Background: Polycystic Ovary Syndrome (PCOS) is a multifaceted hormonal disorder that brings about various kinds of abnormalities in the reproductive, metabolic, and cardiovascular systems. Most of the time, the women with PCOS are deficient in Vitamin D, and fresh studies keep suggesting that it may influence an array of pathways leading to the development of the condition.

Objective: To organize, review, and combine the existing data in a systematic manner on the effect of vitamin D deficiency on the development of PCOS, with a special focus on hormonal imbalance, insulin resistance, ovarian dysfunction, reproductive outcomes, and cardiometabolic risk.

Methods: A narrative review was constructed from the evidence of peer, reviewed studies and concentrated on the level of vitamin D in women suffering from PCOS. Different kinds of studies such as observational, interventional, cross, sectional, retrospective, and prospective that examined associations between serum 25, hydroxyvitamin D levels and endocrine, metabolic, reproductive, and cardiovascular parameters were eligible.
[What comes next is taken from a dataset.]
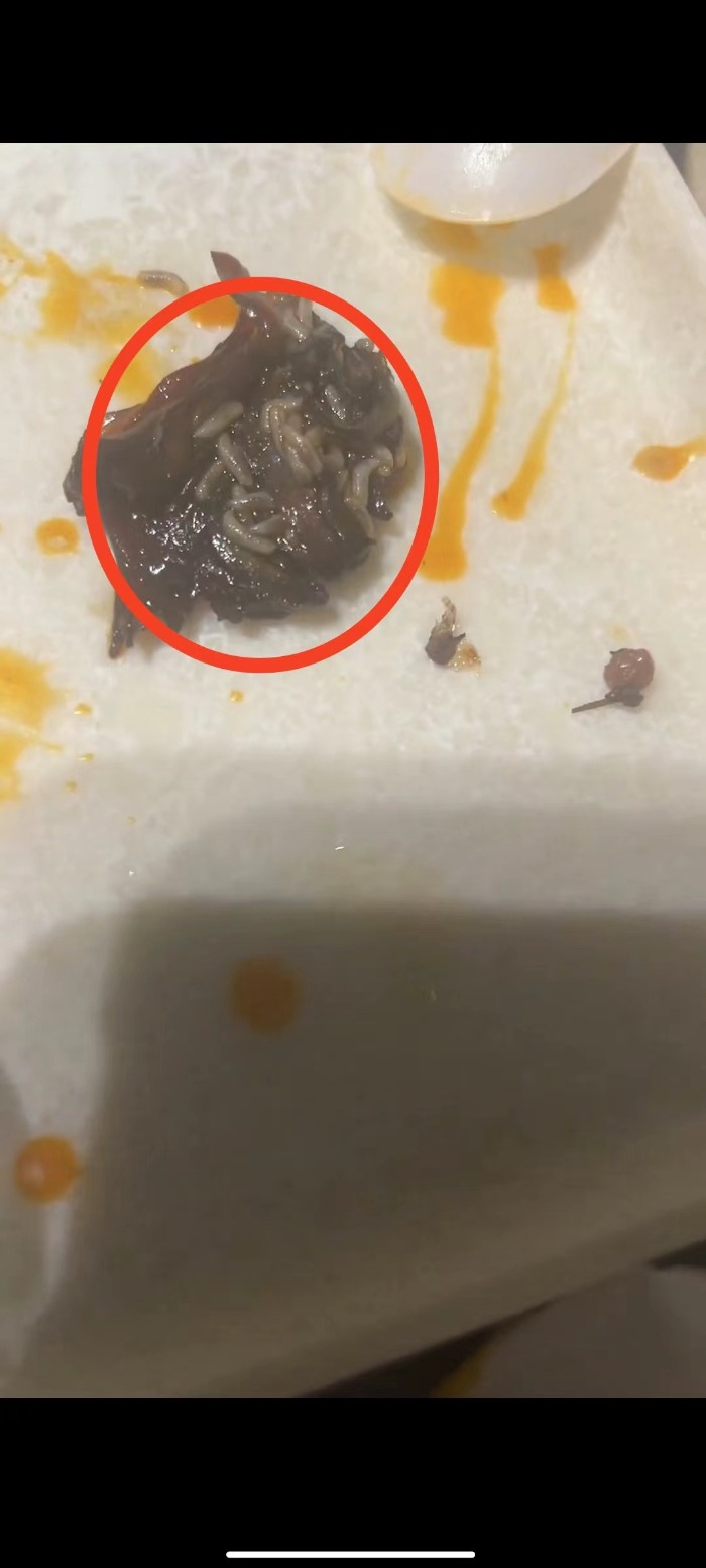去年8月22日,河南三门峡,顾客发视频称在烧烤店吃出蛆虫,怀疑是蘸料里来的。23日,店家表示,他们正在调监控逐帧检查,蘸料是总部塑封包装寄过来的,事发后给顾客道歉免单,赔偿1000元对方退回了,要求去医院检查身体,食药监局正在介入处理。
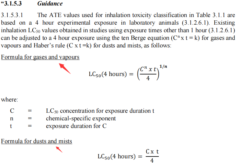 友情提醒:该提案还明确了图2所示公式仅限于暴露时间在30min~8h的吸入毒性数值。其它时间的吸入毒性是否可以采用上述公式,需要由主管机关决定。

The data were combined in a qualitative way due to discrepancies in the design and findings of the studies.

Results: Insufficient vitamin D was the primary reason that went along with the most significant insulin resistance, the worse metabolic profile, and the increase in androgen and anti, Mllerian hormone levels in women with PCOS. In those who lacked vitamin D, disturbances in gonadotropin secretion occurred, folliculogenesis was compromised, ovulation and pregnancy rates were decreased, and an unfavorable lipid profile as well as other cardiovascular risk biomarkers were present. Interventional studies review led to that conclusion that vitamin D supplementation has a positive effect on insulin sensitivity, androgen levels, hirsutism scores, and reproductive results, mainly in vitamin D, deficient and metabolically at, risk groups. However, the degree of response varied among different PCOS phenotypes.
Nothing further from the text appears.